------ Available data ------

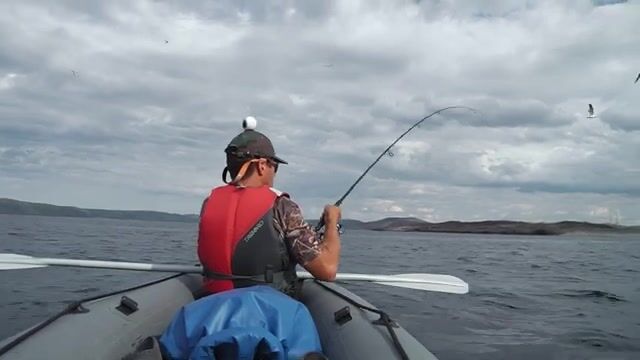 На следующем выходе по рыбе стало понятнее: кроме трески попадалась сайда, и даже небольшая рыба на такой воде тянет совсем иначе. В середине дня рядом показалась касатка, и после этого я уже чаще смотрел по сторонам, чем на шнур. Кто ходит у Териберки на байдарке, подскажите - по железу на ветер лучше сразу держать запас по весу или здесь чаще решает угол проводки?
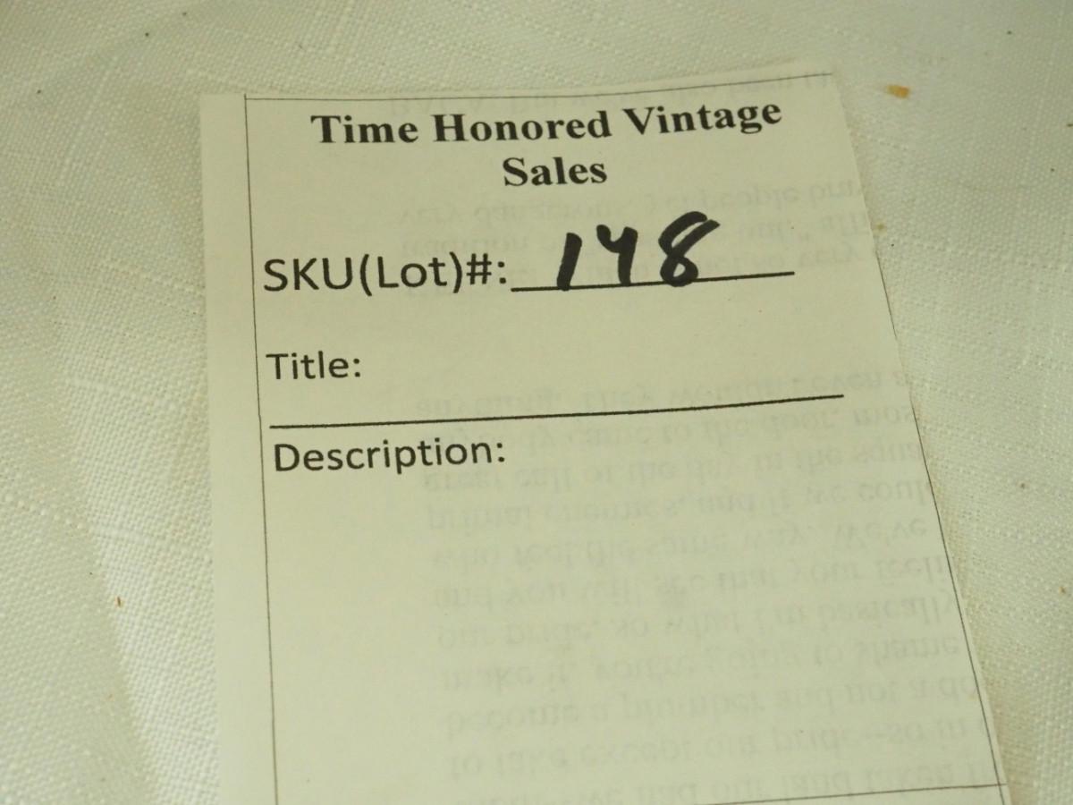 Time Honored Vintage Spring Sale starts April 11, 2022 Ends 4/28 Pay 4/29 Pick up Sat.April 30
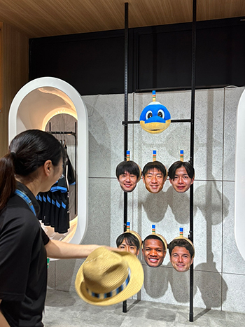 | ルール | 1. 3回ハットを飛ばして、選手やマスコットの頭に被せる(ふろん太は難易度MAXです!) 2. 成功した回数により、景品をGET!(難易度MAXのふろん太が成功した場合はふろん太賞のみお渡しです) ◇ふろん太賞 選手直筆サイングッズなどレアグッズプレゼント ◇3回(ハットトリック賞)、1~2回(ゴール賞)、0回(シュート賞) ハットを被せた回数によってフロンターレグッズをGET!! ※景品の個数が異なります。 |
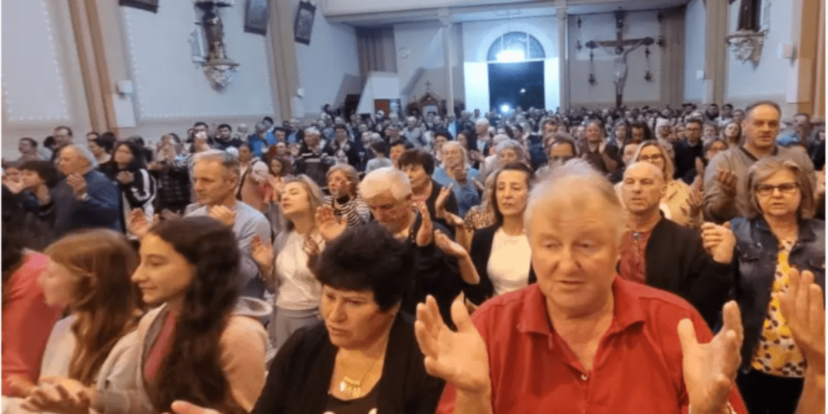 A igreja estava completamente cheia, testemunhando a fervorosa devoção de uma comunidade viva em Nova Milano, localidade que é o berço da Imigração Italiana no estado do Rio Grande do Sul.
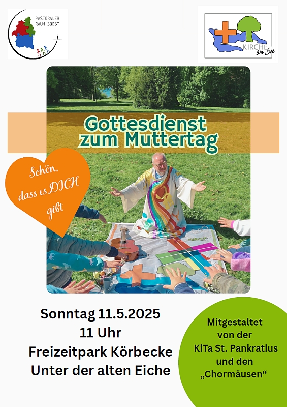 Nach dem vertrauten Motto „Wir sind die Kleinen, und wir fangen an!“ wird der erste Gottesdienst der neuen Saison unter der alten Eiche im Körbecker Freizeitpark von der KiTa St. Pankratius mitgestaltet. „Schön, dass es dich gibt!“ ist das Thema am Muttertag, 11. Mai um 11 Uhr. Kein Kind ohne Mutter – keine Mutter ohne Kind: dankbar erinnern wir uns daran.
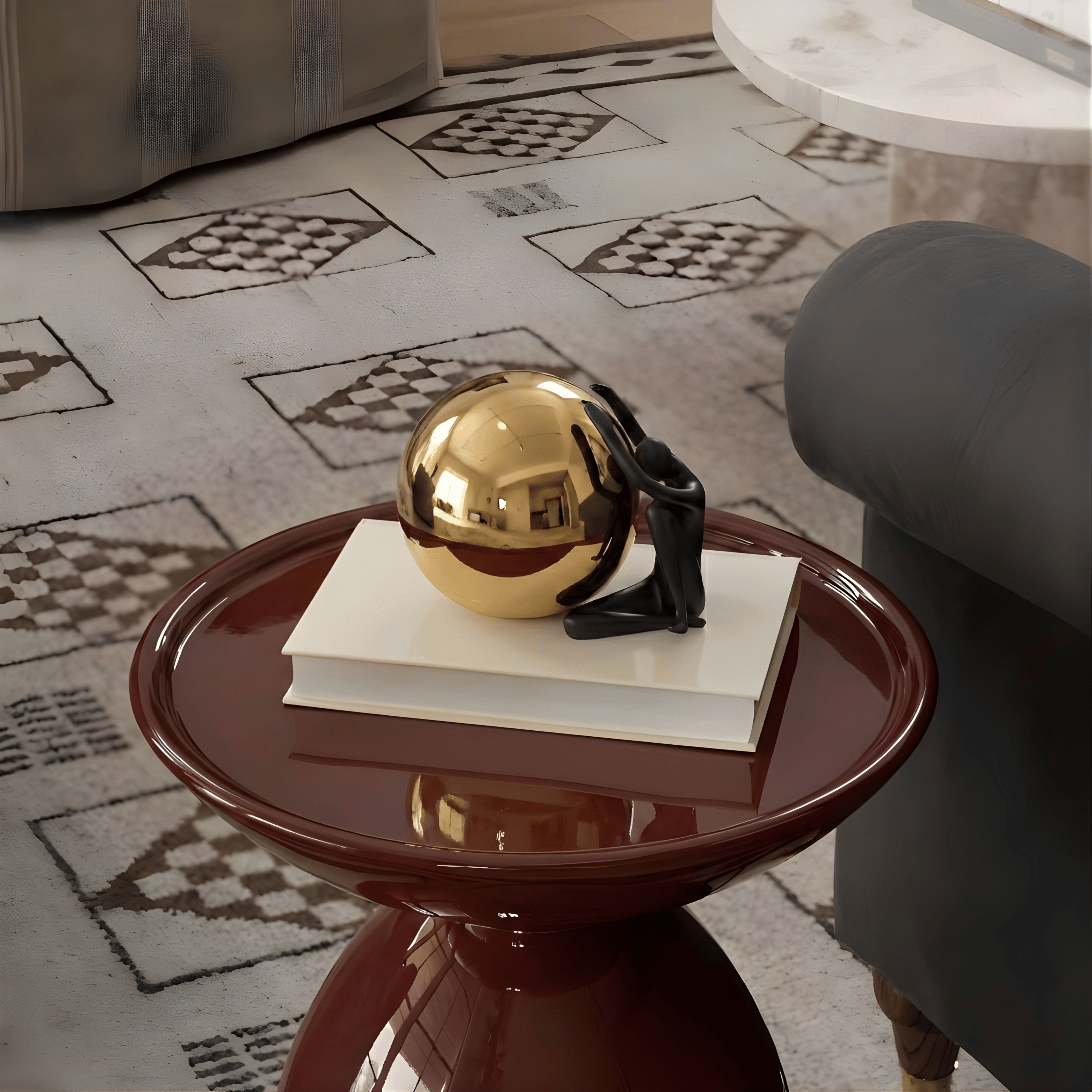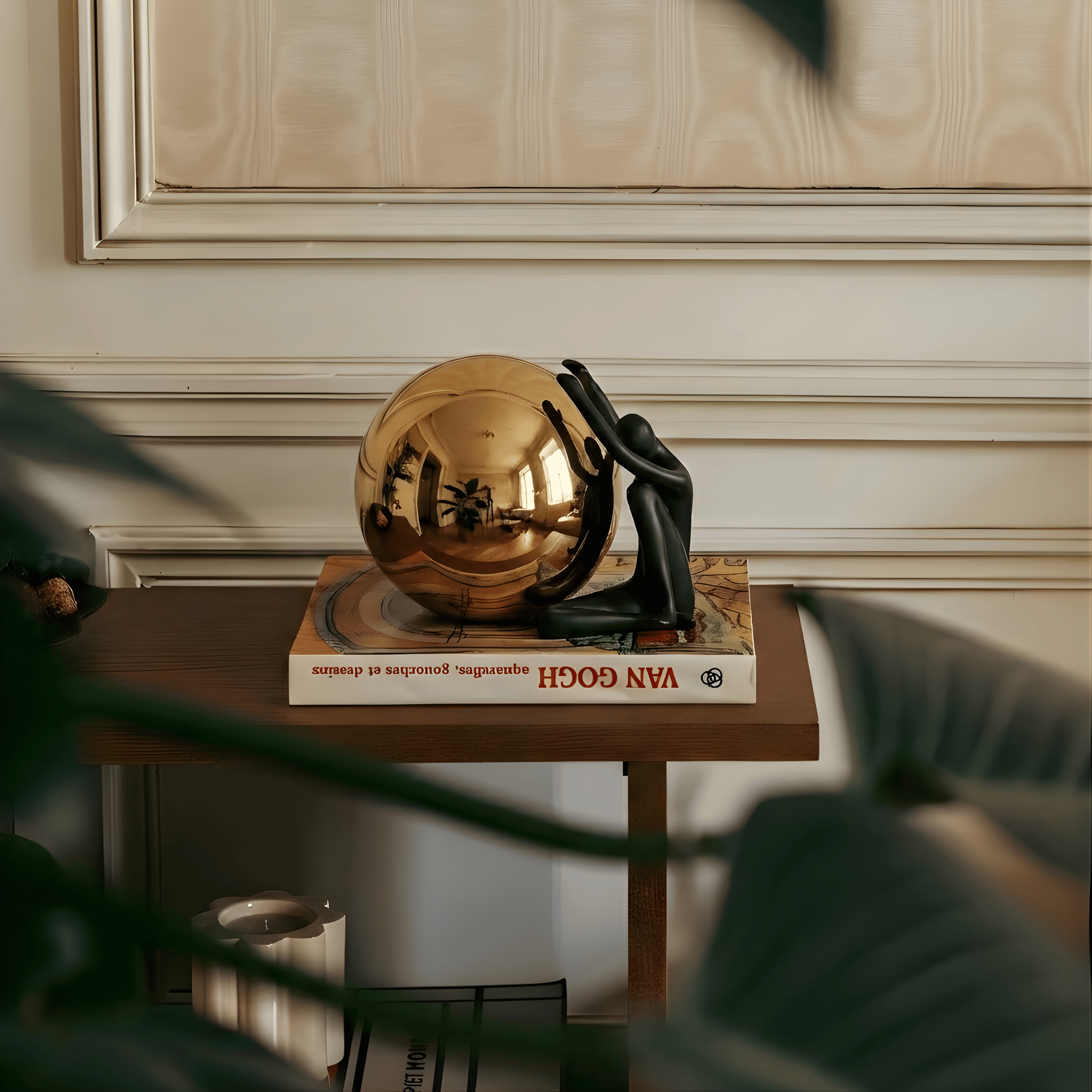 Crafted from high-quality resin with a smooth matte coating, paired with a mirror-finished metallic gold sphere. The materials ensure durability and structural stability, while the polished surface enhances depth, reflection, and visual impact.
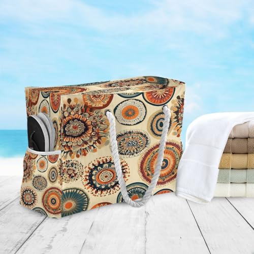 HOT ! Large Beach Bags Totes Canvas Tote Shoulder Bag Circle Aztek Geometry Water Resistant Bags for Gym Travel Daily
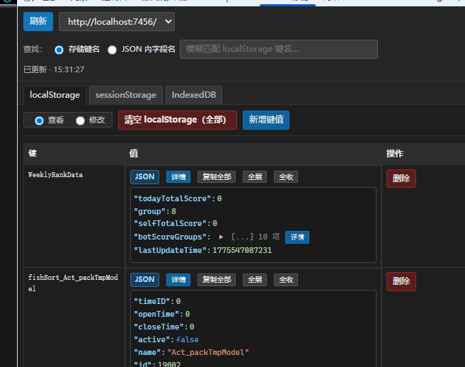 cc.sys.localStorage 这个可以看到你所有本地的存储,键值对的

------

Activity:
Retype every record as it stands. None of the pictures should appear.

Exercise response:
 На следующем выходе по рыбе стало понятнее: кроме трески попадалась сайда, и даже небольшая рыба на такой воде тянет совсем иначе. В середине дня рядом показалась касатка, и после этого я уже чаще смотрел по сторонам, чем на шнур. Кто ходит у Териберки на байдарке, подскажите - по железу на ветер лучше сразу держать запас по весу или здесь чаще решает угол проводки?
 Time Honored Vintage Spring Sale starts April 11, 2022 Ends 4/28 Pay 4/29 Pick up Sat.April 30
 | ルール | 1. 3回ハットを飛ばして、選手やマスコットの頭に被せる(ふろん太は難易度MAXです!) 2. 成功した回数により、景品をGET!(難易度MAXのふろん太が成功した場合はふろん太賞のみお渡しです) ◇ふろん太賞 選手直筆サイングッズなどレアグッズプレゼント ◇3回(ハットトリック賞)、1~2回(ゴール賞)、0回(シュート賞) ハットを被せた回数によってフロンターレグッズをGET!! ※景品の個数が異なります。 |
 A igreja estava completamente cheia, testemunhando a fervorosa devoção de uma comunidade viva em Nova Milano, localidade que é o berço da Imigração Italiana no estado do Rio Grande do Sul.
 Nach dem vertrauten Motto „Wir sind die Kleinen, und wir fangen an!“ wird der erste Gottesdienst der neuen Saison unter der alten Eiche im Körbecker Freizeitpark von der KiTa St. Pankratius mitgestaltet. „Schön, dass es dich gibt!“ ist das Thema am Muttertag, 11. Mai um 11 Uhr. Kein Kind ohne Mutter – keine Mutter ohne Kind: dankbar erinnern wir uns daran.
 Crafted from high-quality resin with a smooth matte coating, paired with a mirror-finished metallic gold sphere. The materials ensure durability and structural stability, while the polished surface enhances depth, reflection, and visual impact.
 HOT ! Large Beach Bags Totes Canvas Tote Shoulder Bag Circle Aztek Geometry Water Resistant Bags for Gym Travel Daily
 cc.sys.localStorage 这个可以看到你所有本地的存储,键值对的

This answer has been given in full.